Napęd na 4 koła (przynajmniej taki On-Demand) masz zapięty przez cały czas. "Wajcha" (hmmm... to jak nazwać dźwignię reduktora w ZJ? ) służy jedynie do załączenia przełożenia zredukowanego. Auto masz fajne, tylko... zrób coś z tym grillem, pliiis (wiem, czepiam się , ale to coś co on w tej chwili ma na sobie, to IMHO kaleczenie sztuki).
Pozdrawiam, Piotr.
W temacie tego grilla wiem że to wiocha. Musiał nim w stanach jakiś czarny alfons jeździć. . Myślę że oderwę napis limited i bedzie git
kaftan, może jakiś lifcik zmotke czy cóś byłbys pierwszy w takim sprzęcie
W temacie tego grilla wiem że to wiocha. Musiał nim w stanach jakiś czarny alfons jeździć. . Myślę że oderwę napis limited i bedzie git Ja bym go dokładnie sprawdził, może ma jakieś podejrzane schowki a w nich podejrzane paczuszki...
kaftan, Buyrider używa sporo tzw. skrótów myślowych Ale się przyzwyczaisz. Zmotka to krótko mówiąc samochód poprawiony, przygotowany mniej lub bardziej do jazdy, zabawy w terenie najczęściej przy nowych jeepach sprowadza się to do podniesienia auta.

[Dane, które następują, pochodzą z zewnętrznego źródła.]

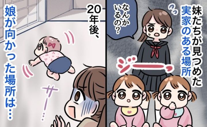 それから20年以上が経ったある日、私はハイハイできるようになった娘を連れて実家に帰省しました。すると、昔妹たちがよく見つめていた場所に娘がハイハイしていき、何もないその場所に向かって手を振ったのです……。
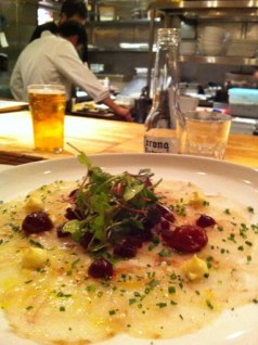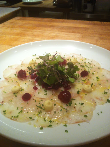 Flounder Carpaccio with lemon aioli, cherries and beets.
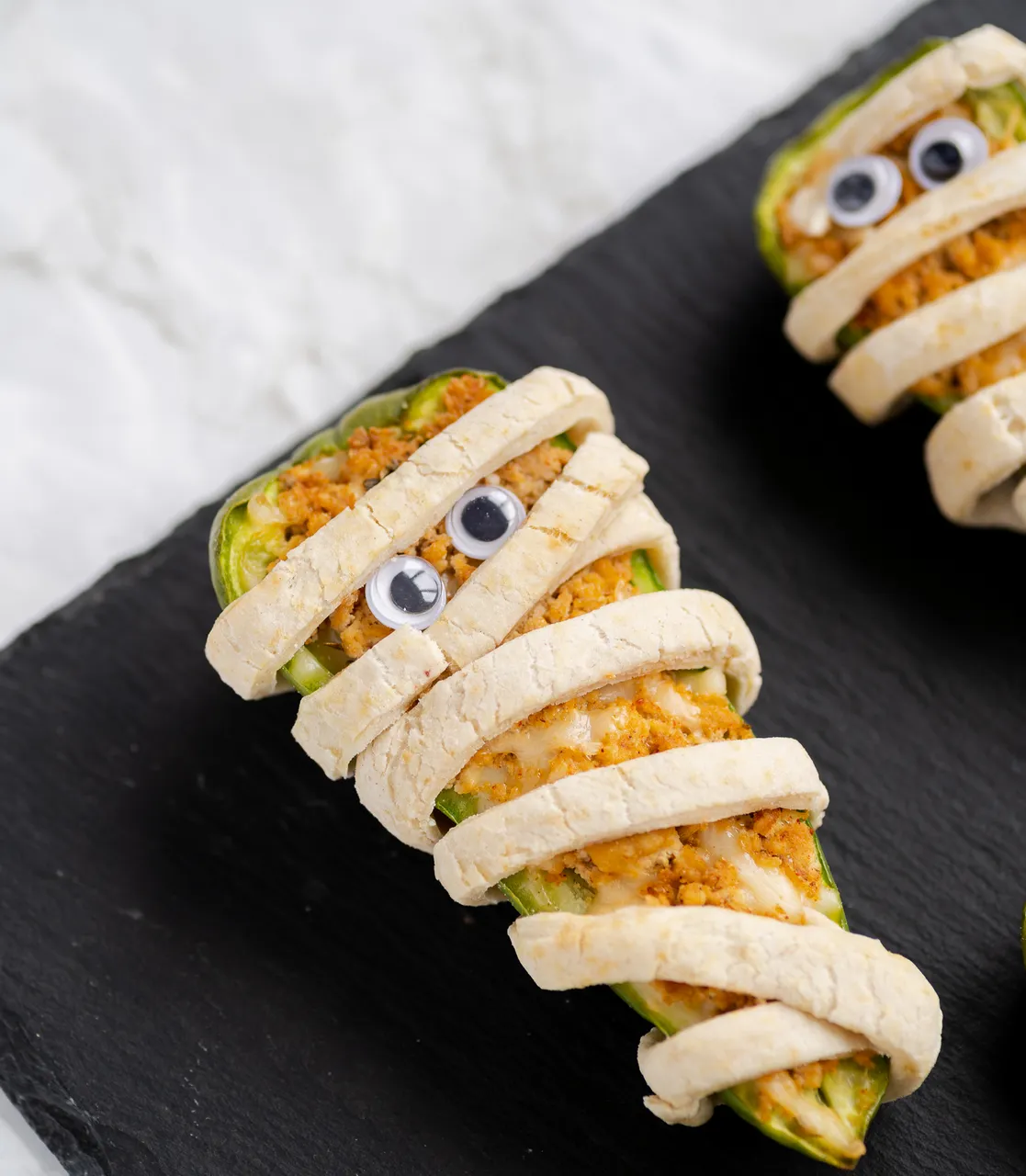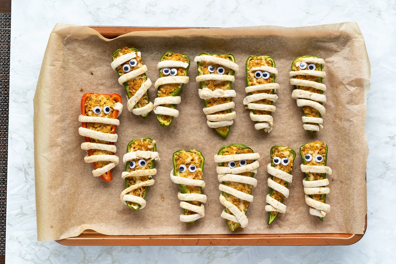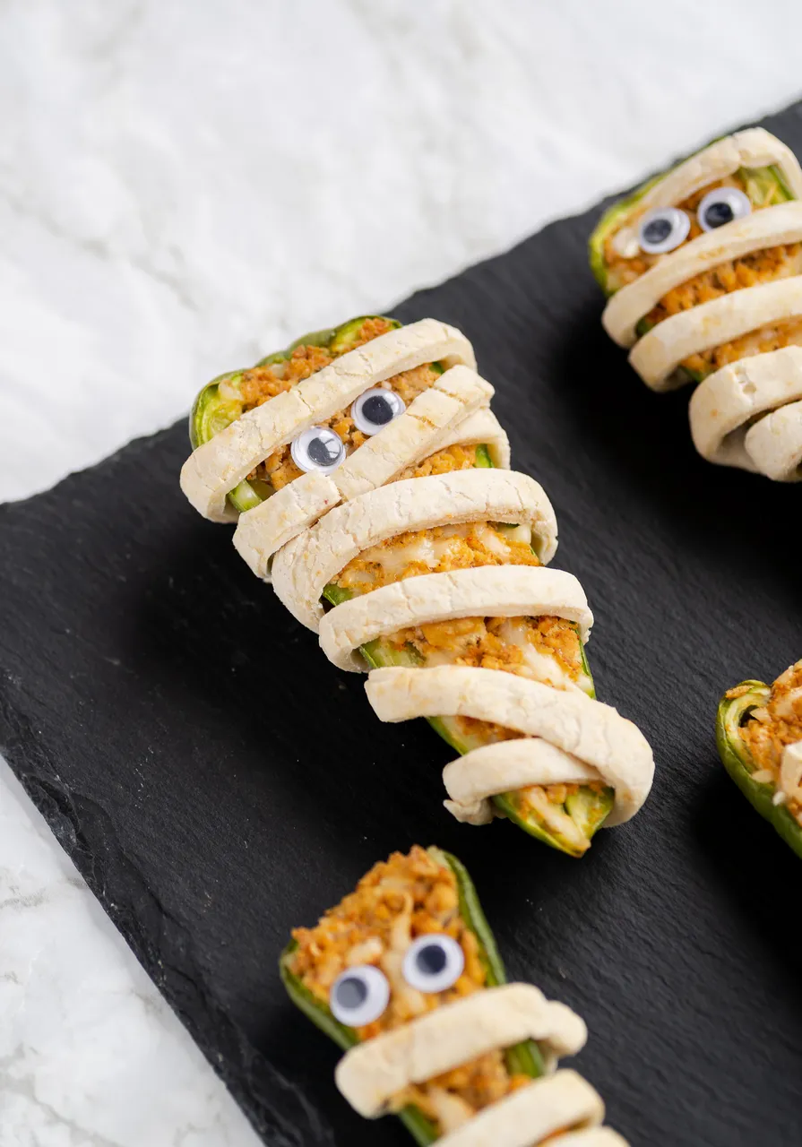 For that extra touch of authenticity, add edible eyes to these mummy peppers. You can use a variety of ingredients like peas, beans, olives, or even small bits of vegan cheese to craft their mesmerizing gazes. The eyes not only make them look cute but also add a pop of flavor and texture to the dish. Your guests will love the whimsical aspect of these mummies, making them a perfect conversation starter at your Halloween bash.

A wracając do Twojego pytania to ta mała srebrna dźwignia włącza Ci reduktor. Skrzynia biegów na N i możesz włączyć redyktor
A "Limited" to właśnie zostaw tylko gril powinien być z siedmioma żeberkami
A wracając do Twojego pytania to ta mała srebrna dźwignia włącza Ci reduktor. Skrzynia biegów na N i możesz włączyć redyktor . Nie bijcie mnie . Do czego służy reduktor
Do czego służy reduktor doba bić nie bede ale ide
Musiał nim w stanach jakiś czarny alfons jeździć
zwlaszcza ze to nie jest limited . Masz rację m2m. Ale podobno przy komanderach wszystko co jest w skórze w usa jest limited
Ale podobno przy komanderach wszystko co jest w skórze w usa jest limited ale to podobno, tak naprwde to masz bogata wersje laredo, pewno murzyn zakupil pare zlotych lancuchow i na wypasionego ltd nie straczylo
ale to podobno, tak naprwde to masz bogata wersje laredo, pewno murzyn zakupil pare zlotych lancuchow i na wypasionego ltd nie straczylo :mrgreen:
ale dowaliłeś
no , wiesz , jak bylo w reklamie prawie robi roznice
A wracając do Twojego pytania to ta mała srebrna dźwignia włącza Ci reduktor. Skrzynia biegów na N i możesz włączyć redyktor . Nie bijcie mnie . Do czego służy reduktor
Reduktor zmienia przełożenie główne w skrzyni rozdzielczej (np. w XJ w stos. 2,72:1, w nowych wronglach 4,0:1) co powoduje redukcje prędkości na tych samych biegach ale za to auto ma więcej "siły" (momentu nie mocy) by pokonać trudne przeszkody, np. wzniesienie, błoto. Przydaje się tekże podczas zjazdu z b.stromych wzniesień. Wtedy reduktor na ON, skrzynia na 1 (LO), pouszczasz gaz i hamulec i samo jedzie
W cztery identyczne opony warto zainwestowac(na tych fotkach jakos rozne mi sie wydawaly). Sprawdz czy napewno sa takich samych rozmiarow bo przy 4x4 po pewnym czasie (szybszym niz dluzszym) cos sie przemieli. Furka fajna
Faktycznie: 3x Toyo Proxes ST w tym 2 mocno zużyte (pewnie od palenia gumy... ) a jedna jakaś inna (pewnie z zapasu)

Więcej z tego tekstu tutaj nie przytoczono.